WORK INSTRUCTIONS: For this exercise, retype every record below exactly and keep the pictures out.

========

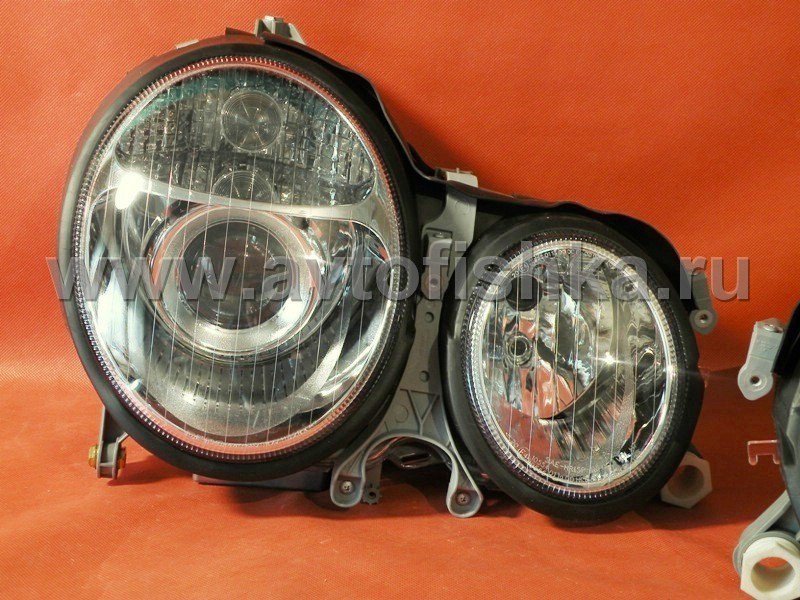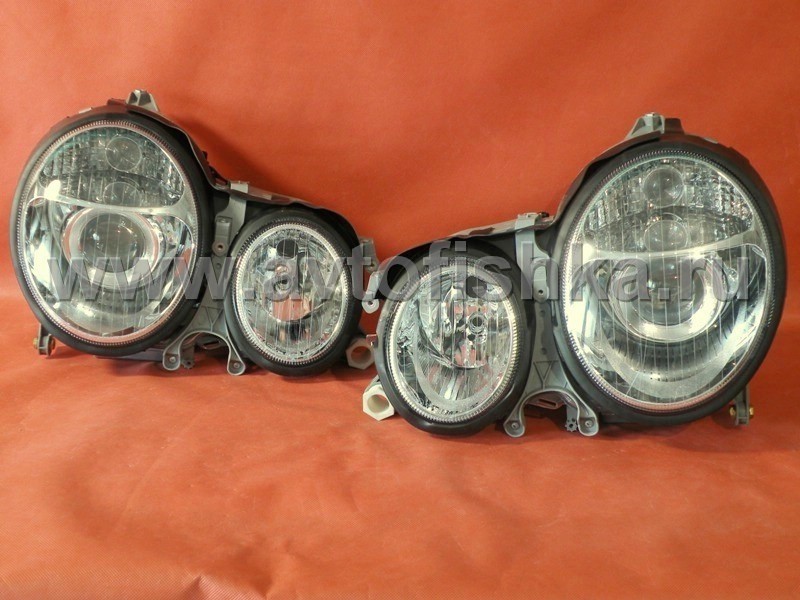 Mercedes E W210 (99-02) фары ксеноновые передние линзовые хромированные под корректор, комплект 2 шт.
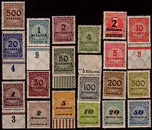برای پرداخت هزینههای کلان جنگ جهانی اول که در جریان بود، آلمان هنگام شروع جنگ، استاندارد طلا (قابلیت تبدیل پول خود به طلا) را به حالت تعلیق درآورد. بر خلاف فرانسه، که اولین مالیات بر درآمد خود را برای پرداخت هزینههای جنگ وضع کرد، ویلهلم دوم امپراتور آلمان و رایشتاگ (مجلس) تصمیم گرفتند که جنگ را بهطور کامل با وام گرفتن تأمین کنند،[1] تصمیمی که توسط کارشناسان مالی مانند یالمار شاخت مورد انتقاد قرار گرفت و آن را یک ریسک خطرناکی برای کاهش ارزش پول دانست.[2]
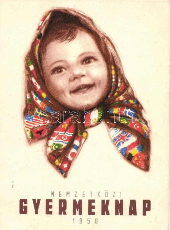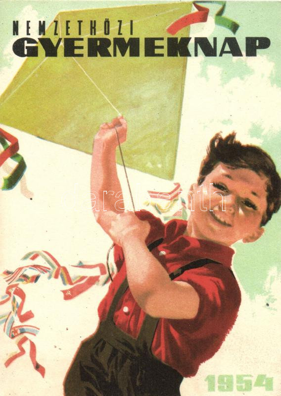 Nemzetközi Gyermeknap 1954, 1956, kiadja a Magyar Nők Demokratikus Szövetsége - 2 db megíratlan képeslap / International children's day 1954, 1956 - 2 unused Hungarian propaganda postcards, s: Repcze
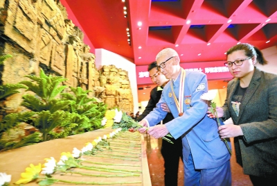 昨天,在中國人民抗日戰(zhàn)爭紀念館,老戰(zhàn)士代表、首都大中小學學生、部隊官兵等向革命先驅獻花。本報記者 饒強攝
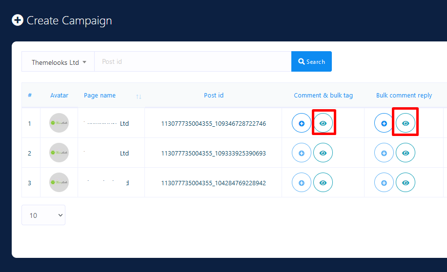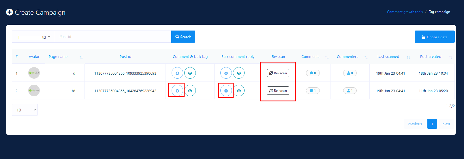 Then go to Comment Automation > Tag Campaign menu and you will see all tag campaign enabled posts there. You can see comments and commenters count in each row, to re-sync new comments click "Re-scan" button. You can see couple of plus & eye sign buttons. Plus icon is for creating new campaign and the eye sign is for viewing report. The first button set is for Comment & Bulk Tag and the second button set is for Bulk Comment Reply.
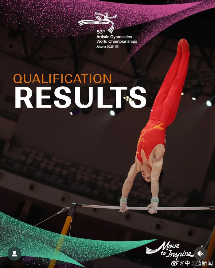 [#国际体操联合会封面发张博恒#]国际体操联合会在社交媒体发布了2025年世界体操锦标赛资格赛结果,封面选择的是中国运动员@張博恆。张博恒在体操世锦赛资格赛中整体发挥正常,最终以全能第三的成绩晋级决赛,全能决赛将于明天(10月22日)举行。#一人一句为张博恒加油#
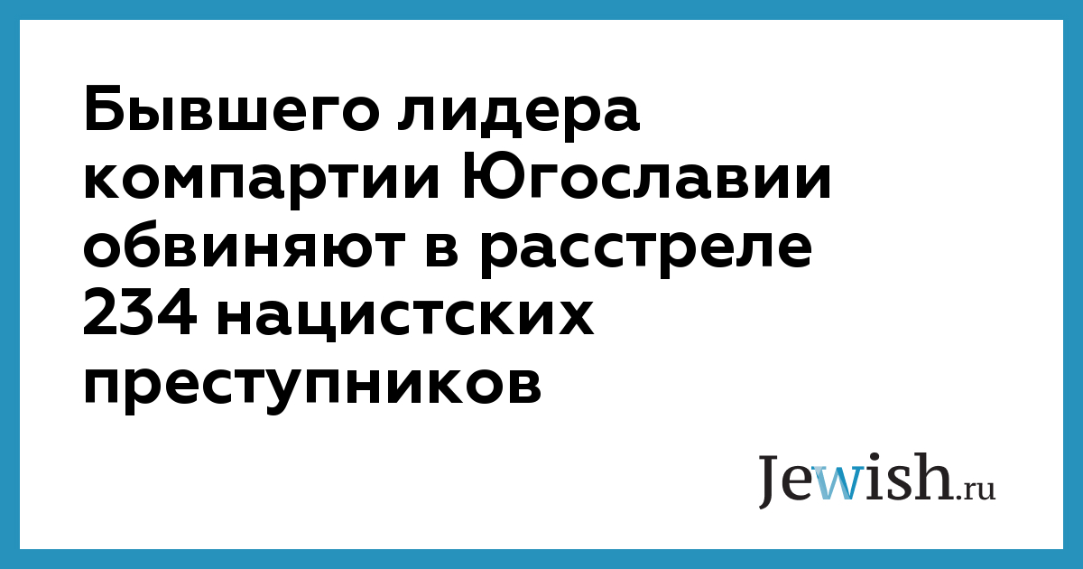 Бывшего лидера компартии Югославии обвиняют в расстреле 234 нацистских преступников
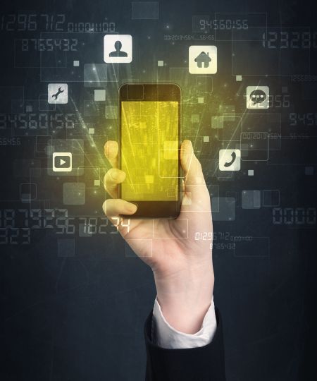Caucasian hand in business suit holding a smartphone with golden-yellow holographic screen
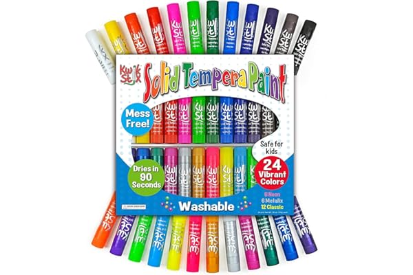 The Pencil Grip Kwik Stix Solid Tempera Paint Pens, Assorted Vibrant Colors, Classic, Metallic & Neon Colors, Super Quick Drying, 24 Count
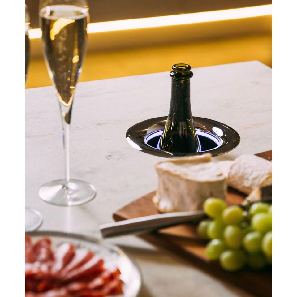 U-ChillTM uses only electricity to create a cold-air jacket so the bottle remains chilled and dry. Maintenance free, and without a traditional ice bucket.

========

OUTPUT:
 Mercedes E W210 (99-02) фары ксеноновые передние линзовые хромированные под корректор, комплект 2 шт.
برای پرداخت هزینههای کلان جنگ جهانی اول که در جریان بود، آلمان هنگام شروع جنگ، استاندارد طلا (قابلیت تبدیل پول خود به طلا) را به حالت تعلیق درآورد. بر خلاف فرانسه، که اولین مالیات بر درآمد خود را برای پرداخت هزینههای جنگ وضع کرد، ویلهلم دوم امپراتور آلمان و رایشتاگ (مجلس) تصمیم گرفتند که جنگ را بهطور کامل با وام گرفتن تأمین کنند،[1] تصمیمی که توسط کارشناسان مالی مانند یالمار شاخت مورد انتقاد قرار گرفت و آن را یک ریسک خطرناکی برای کاهش ارزش پول دانست.[2]
 Nemzetközi Gyermeknap 1954, 1956, kiadja a Magyar Nők Demokratikus Szövetsége - 2 db megíratlan képeslap / International children's day 1954, 1956 - 2 unused Hungarian propaganda postcards, s: Repcze
 昨天,在中國人民抗日戰(zhàn)爭紀念館,老戰(zhàn)士代表、首都大中小學學生、部隊官兵等向革命先驅獻花。本報記者 饒強攝
 Then go to Comment Automation > Tag Campaign menu and you will see all tag campaign enabled posts there. You can see comments and commenters count in each row, to re-sync new comments click "Re-scan" button. You can see couple of plus & eye sign buttons. Plus icon is for creating new campaign and the eye sign is for viewing report. The first button set is for Comment & Bulk Tag and the second button set is for Bulk Comment Reply.
 [#国际体操联合会封面发张博恒#]国际体操联合会在社交媒体发布了2025年世界体操锦标赛资格赛结果,封面选择的是中国运动员@張博恆。张博恒在体操世锦赛资格赛中整体发挥正常,最终以全能第三的成绩晋级决赛,全能决赛将于明天(10月22日)举行。#一人一句为张博恒加油#
 Бывшего лидера компартии Югославии обвиняют в расстреле 234 нацистских преступников
Caucasian hand in business suit holding a smartphone with golden-yellow holographic screen
 The Pencil Grip Kwik Stix Solid Tempera Paint Pens, Assorted Vibrant Colors, Classic, Metallic & Neon Colors, Super Quick Drying, 24 Count
 U-ChillTM uses only electricity to create a cold-air jacket so the bottle remains chilled and dry. Maintenance free, and without a traditional ice bucket.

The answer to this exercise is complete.